My vision is still pretty fucked up, but I’ve reached a point where I can spend a few minutes typing this on a computer (at 640x480) so I think that’s a milestone. I’m wearing bandage contact lenses which I get taken out tomorrow morning, then the true healing begins. PRK is a slow process vs LASIK, so it’s going to take some weeks and months before my corneas have fully settled into their new foundations and my vision stabilizes completely.
I understand why most people opt for LASIK now. The first two days were really miserable, nonstop tearing and burning and the infamous “foreign body sensation”. I felt like I had an eyelash the size of New Jersey under my left eyelid for about 48 hours. Then it was suddenly over. What I get for my pain & patience is a more conservative procedure, my cornea structure intact (no flap!) and a potentially better final result. Hard to argue with that.
The surgery itself was definitely the freakiest part, but not as freaky as I expected. On a scale of zero to Clockwork Orange it was about 50%. They gave me a valium when I got there, which reduced my anxiety level from a billion to somewhere around baseline, and I basically went right onto the table. The first step was anesthetic drops, which was the last thing I felt on my eyes through the whole thing, then a long soak with an anesthetic sponge.
From then on it was like I was looking through vaseline, so I couldn’t really see anything after that besides a red target light through the haze. I was less aware of what was happening than I expected, which calmed me considerably. After a couple minutes the prep was over and they told me to follow the light, the light is your guide. The laser made a clicking sound for about 30 seconds and I smelled burning, presumably having inhaled some microscopic amount of my own eye. The red dot was surrounded by a green swirl that looked exactly like Rock With You, so that was my internal soundtrack while they switched to the other side and repeated the process.

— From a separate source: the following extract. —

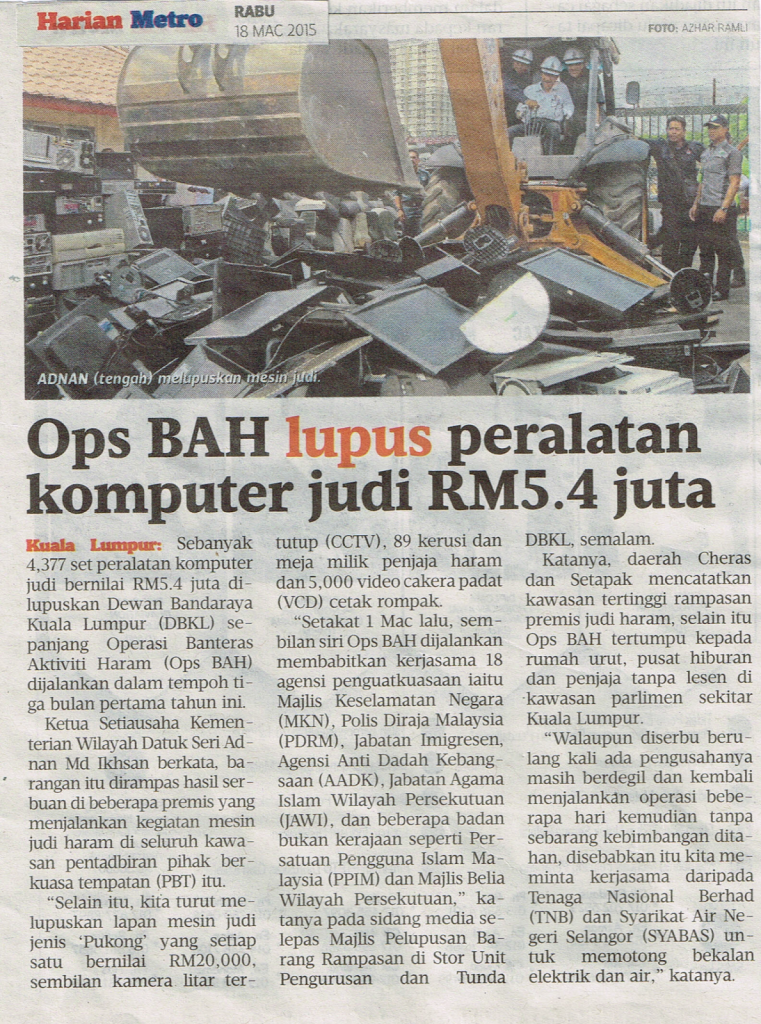 2517) HARIAN METRO – 18/03/2015 – Ops BAH Lupus Peralatan Komputer Judi RM5.4 Juta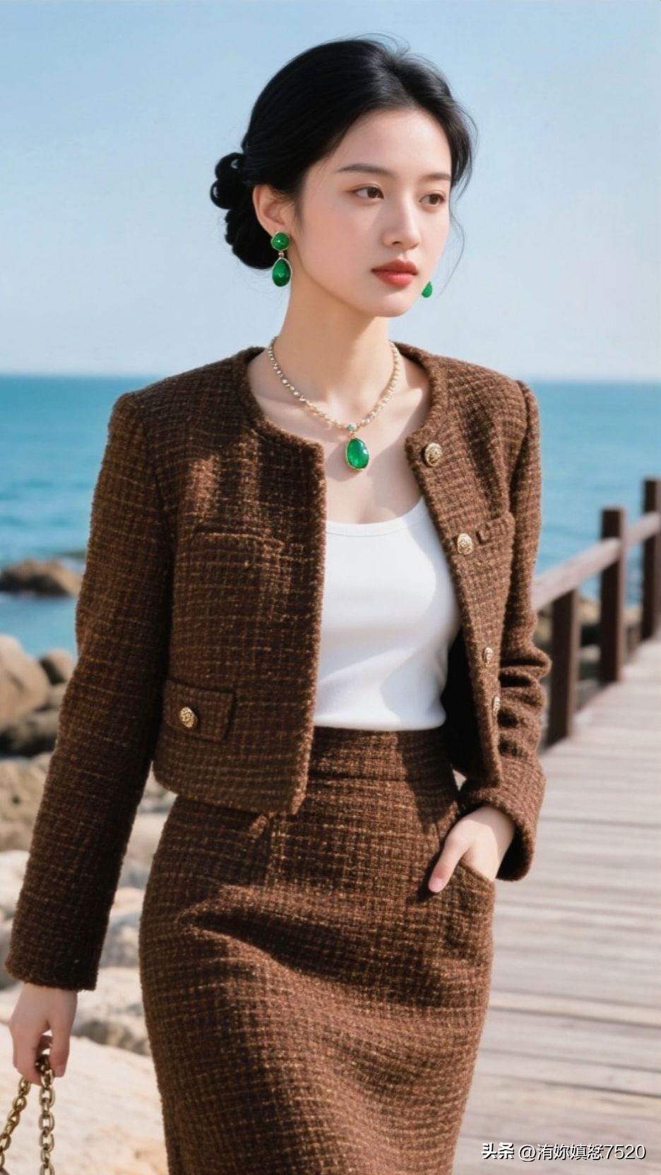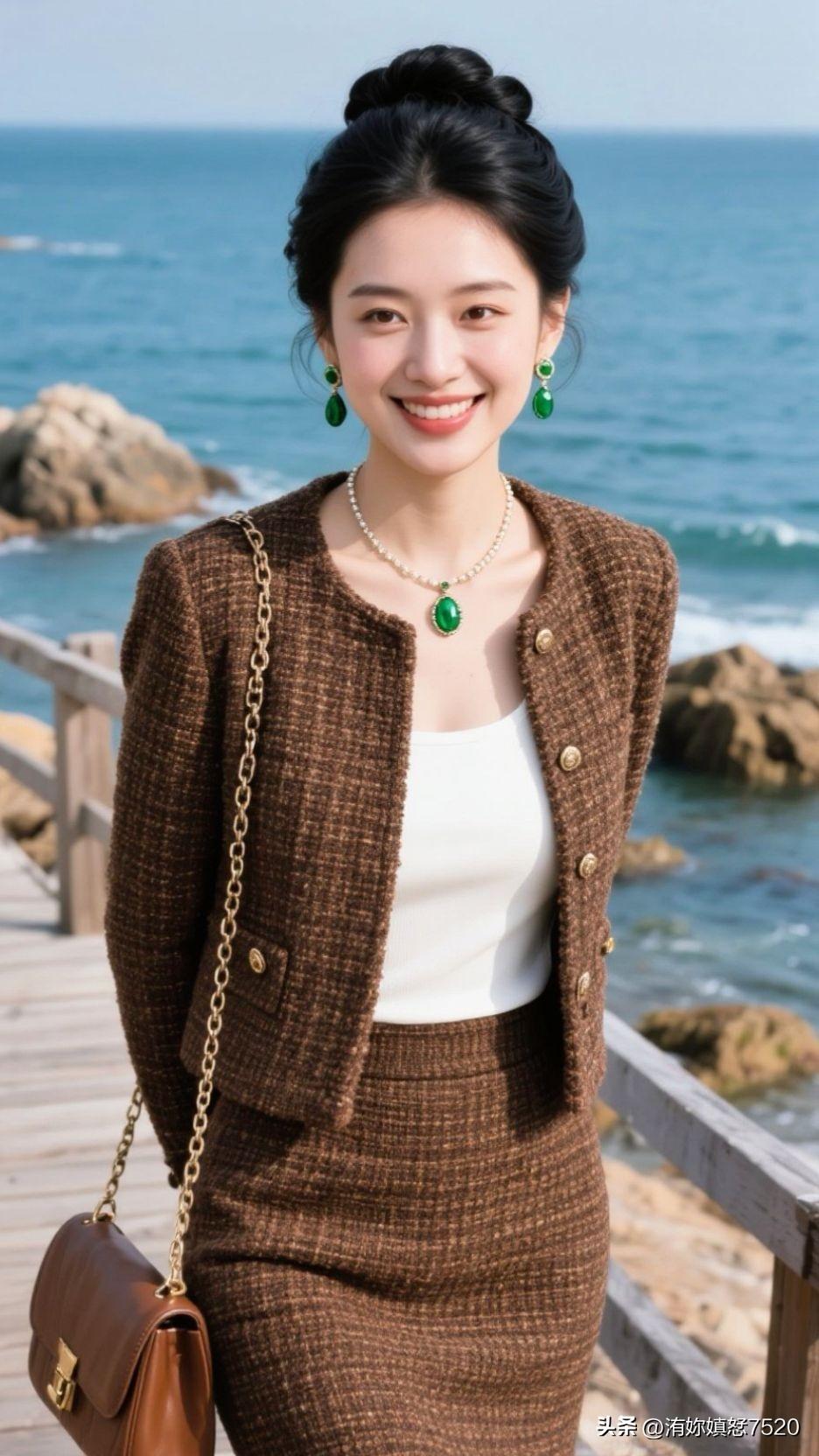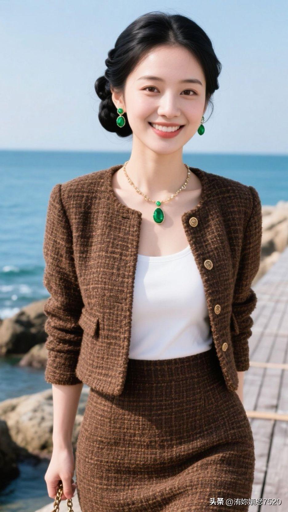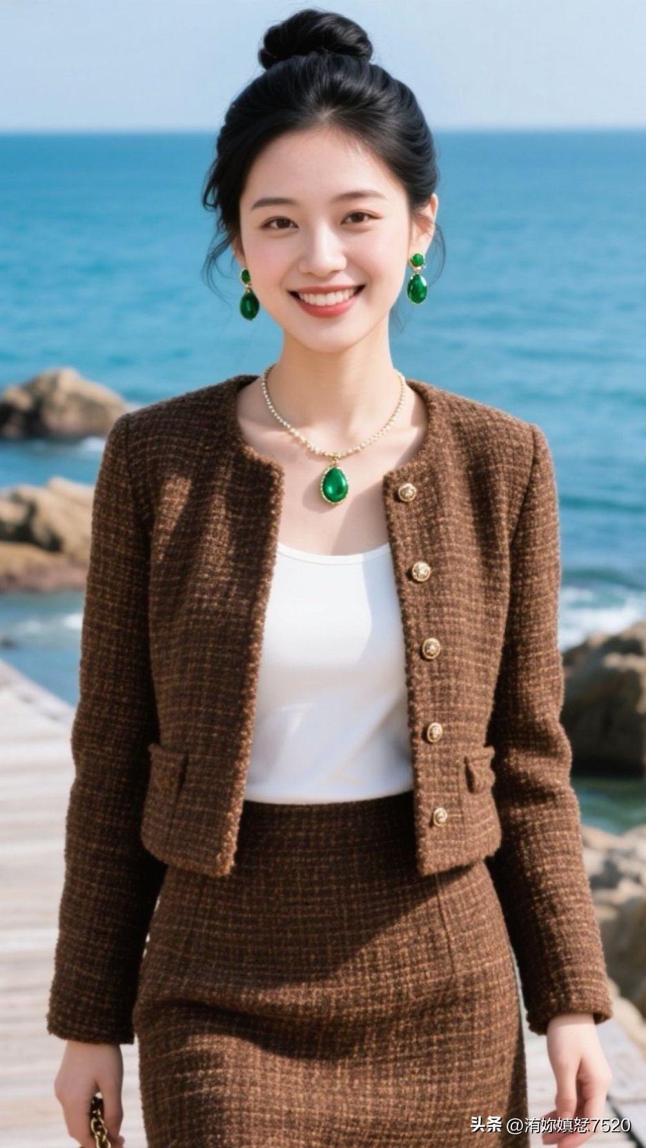 🏝️ 浪花漫过石滩时,棕呢盛着日光的柔,翡翠是坠下来的海魂,一笑间,整个空间都浸着治愈的甜。少女风写真照 中国风配色有多惊艳?

Before I knew it I was sitting in the next room with a pair of bad sunglasses looking at a perfectly unobstructed view of the Empire State Building, and it was amazing. It had a bright white halo about 10 feet wide around it, but it was tack sharp and my own eyes were seeing it. I was already glad I’d done it. About an hour later at home the anesthetic wore off and my foreign body sensations began, but I’d already tasted the future.
So now I wait for my eyes to heal a little more each day, slowly bump up my monitor resolution, personally fund the eyedrop industry, and cross my fingers that I wind up at 20/20 when all’s said and done.